There are many possible masks. These include the Sobel operators:
-1  0  1
-2  0  2
-1  0  1
and
 1  2  1
 0  0  0
-1 -2 -1
To determine if a particular pixel is an edge pixel, we place a mask over the image, centered on the pixel under consideration. We then multiply the mask values with the brightness values of the pixels "under" them, and then we add those products together. (That is, we compute a weighted sum.)

There are two Sobel operators in order to detect both vertical lines and horizontal lines. (The 2x2 mask given above is meant to find lines of a particular orientation. What is that orientation?)

Since we have two different masks, we need a principled way to combine their "scores" in order to determine whether a pixel is an edge pixel. There are several ways to do this, including this one:

Let's say that the weighted sums produced by the mask specify a point in a Cartesian coordinate system. One mask gives us an x value; the other gives us a y value. If the point generated by the two masks is (0, 0), this indicates that the point is not an edge point. The farther the point is from (0, 0), the more likely it is to be an edge point. We will specify a threshold -- i.e., a radius of a circle centered at the origin. All points outside of that circle will be marked as edge points.

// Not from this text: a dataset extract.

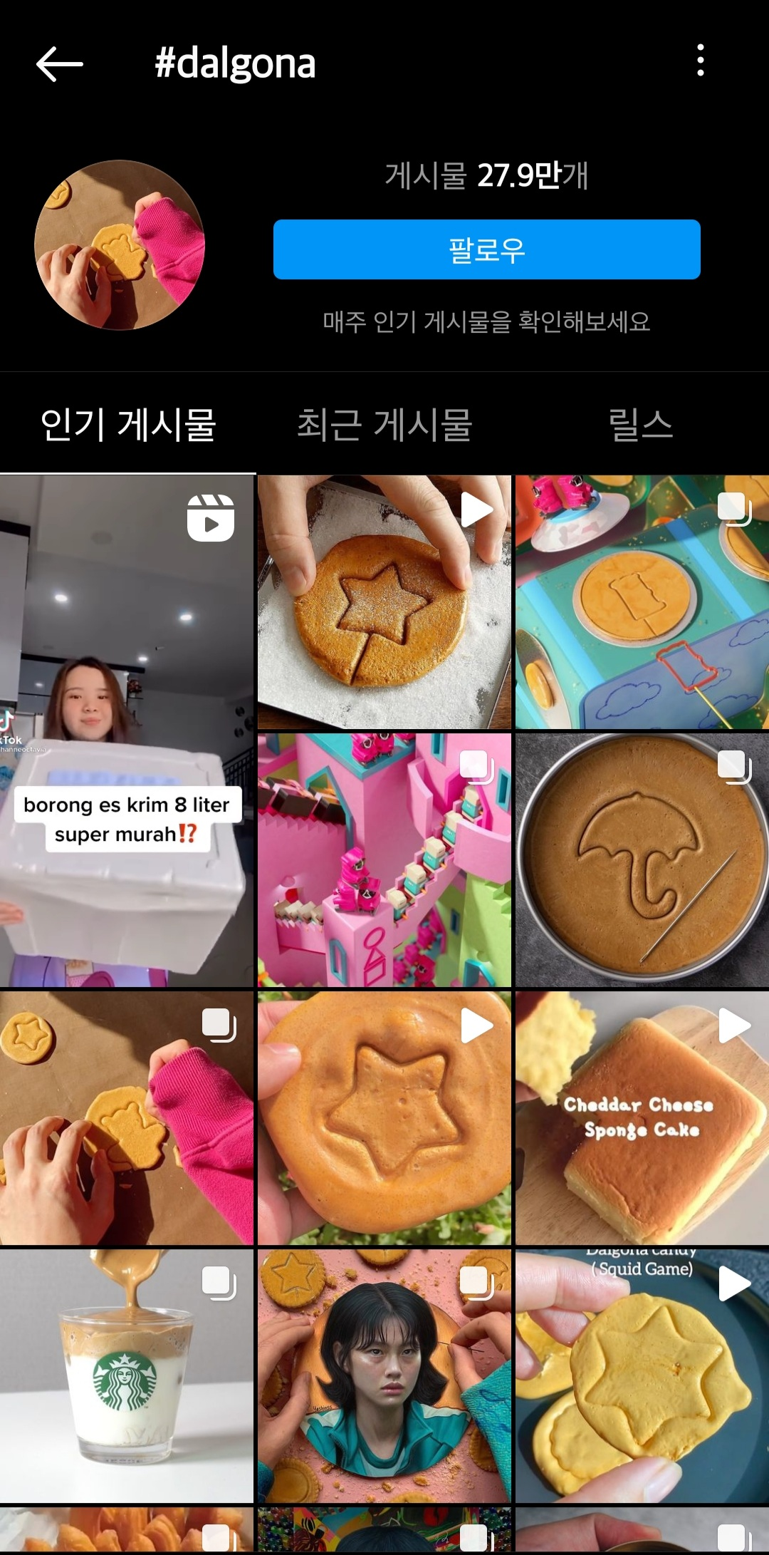 인스타그램 내 #dalgona 게시물은 약 28만 개에 이를 정도입니다. 해외 팬들은 SNS에 달고나 만들기 영상을 올리며 빠르게 후기를 공유하고 있어요.
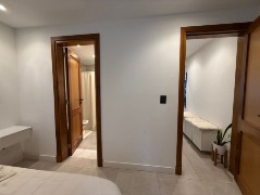 Hacia el contrafrente, se encuentra un toilette de cortesía y una confortable habitación con vestidor y baño en suite, diseñada para brindar privacidad y confort.

To compute whether a pixel is an edge pixel, then, we compute weighted sums using the two masks given above. Let's call those x and y. We then treat those as a point (x, y). Finally, we compute the distance from the origin by calculating the square root of (x2 + y2) and then determine whether the distance exceeds the threshold required to be an edge point.


Identifying lines

The algorithms just described identify possible edge pixels. If we look at an image that has those pixels highlighted, they will look like lines to us. But we have to remember that they are just a collection of dots. That is, the image processing algorithms "see" them as individual pixels, rather than a collection of lines.

Therefore, we need to do something else to identify groups of edge pixels as lines.

To find horizontal lines:

Consider the first row of pixels.
- If you have a long stretch of pixels marked as edge pixels (allowing for
  small gaps, if desired), mark that as a line segment.
Do this for each row.
For vertical lines:
Consider the first column of pixels.
- If you have a long stretch of pixels marked as edge pixels (allowing for
  small gaps, if desired), mark that as a line segment.
Do this for each column.
We can do the same for diagonal lines.

Note that it is harder to identify closed outlines of objects in general (e.g., with rounded edges).